There was a plan.
She had the money, the connections, even the brains. It was become one of the only female necromancers, earn as many degrees as possible, get a post in one of the grand cities, then prove she’s capable of greatness. The funny thing about plans is that they are seldom under your control.
Now Aelis de Lenti, a daughter of a noble house and recent graduate of the esteemed Magisters’ Lyceum, finds herself in the far-removed village of Lone Pine. Mending fences, matching wits with goats, and serving people who want nothing to do with her. But, not all is well in Lone Pine, and as the villagers Aelis is reluctantly getting to know start to behave strangely, Aelis begins to suspect that there is far greater need for a Warden of her talents than she previously thought.
Old magics are restless, and an insignificant village on the farthest border of the kingdom might hold secrets far beyond what anyone expected. Aelis might be the only person standing between one of the greatest evils ever known and the rest of the world.

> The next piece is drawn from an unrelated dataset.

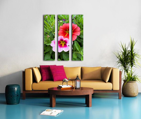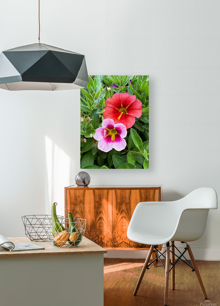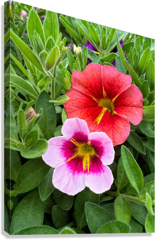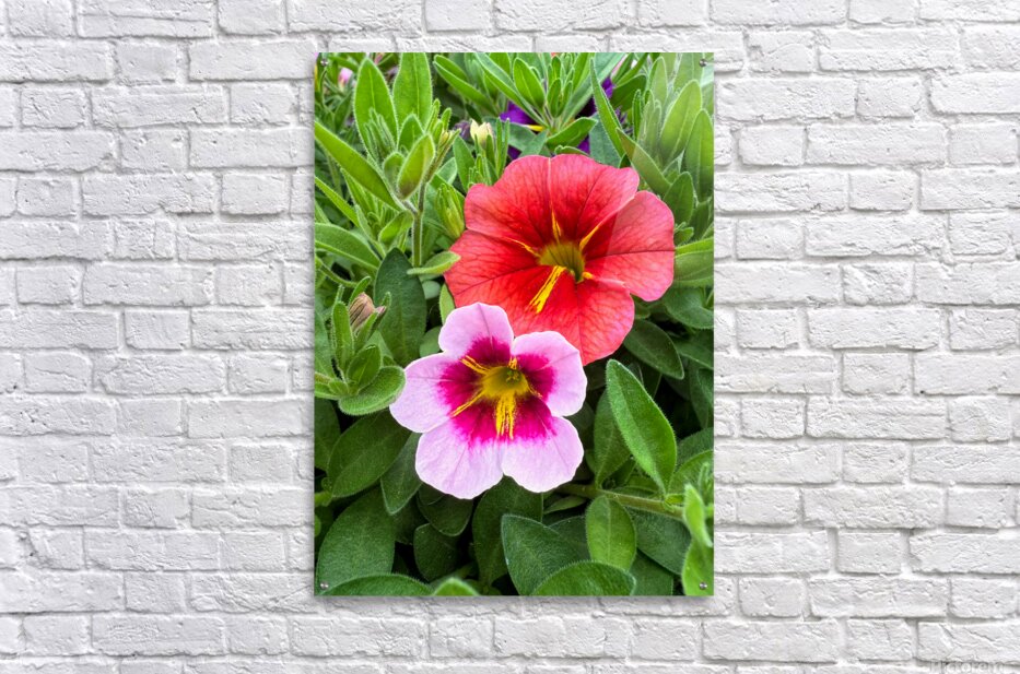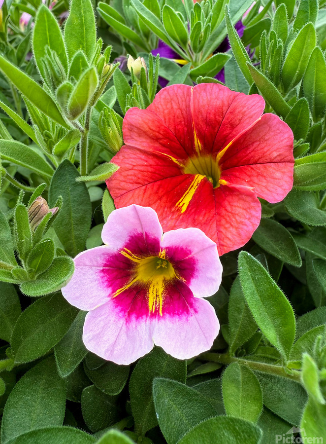 A celebration of nature's expressive voice—two vibrant petunias, performing in visual harmony. Like vocalists in a duet, one sings in bold crimson, the other in delicate pink, yet together they create a radiant, balanced melody. Surrounded by vivid greenery, their contrast amplifies their unity, making this image feel both spontaneous and composed. This piece infuses spaces with energy and creativity. Ideal for eclectic rooms, studios, or bright hallways, it delivers both aesthetic delight and emotional resonance. Let this floral duet bring music to your walls.

This is one of those books where upon receiving the opportunity to review it, I was immediately drawn to its captivating cover. I made the choice to delve into The Warden by Daniel M. Ford without any real knowledge of the plot or its characters and I can’t help but feel like that actually made me enjoy it more. Although the story proved to be one of the most peculiar books I’ve read in recent years, it immediately sucked me in and has already become one of my favorites. Upon completing the book, I came across a description that aptly described it as “Twin Peaks with Wizards,” a fitting analogy that accurately captures the book’s essence.
Normally when I read a book I’m able to sit back at something like “This. This is what made me love this book so much” but when it comes to The Warden by Daniel M. Ford, I find it challenging to pinpoint specific aspects that stood out to me since there are so many things I enjoyed about the book. Unlike other novels where I can identify specific elements that made me like it, I feel like The Warden’s excellence lies in it entirety. Aelis is undoubtedly the standout character, but I couldn’t help but love every other character in this book thanks to Daniel M. Ford’s exceptional writing, world-building, and pacing. Additionally, as someone who loves a good romance or crush in a story, I was particularly taken by how cute and awkward Aelis’s was.
My only grievances with The Warden are that it had to come to an end and that I have to wait for the next book in the series to release. In fact, as I write this I find myself staring at the audiobook and considering purchasing it just to relive the story in a new medium. Reading The Warden has also encouraged me to explore more of Daniel M. Ford’s works as I can only imagine they are just as good as this one is. Overall, I found The Warden to be a remarkable introduction to what I hope is a long series and I will wholeheartedly recommend it to any reader I know.
I received a free copy of this book for an honest review.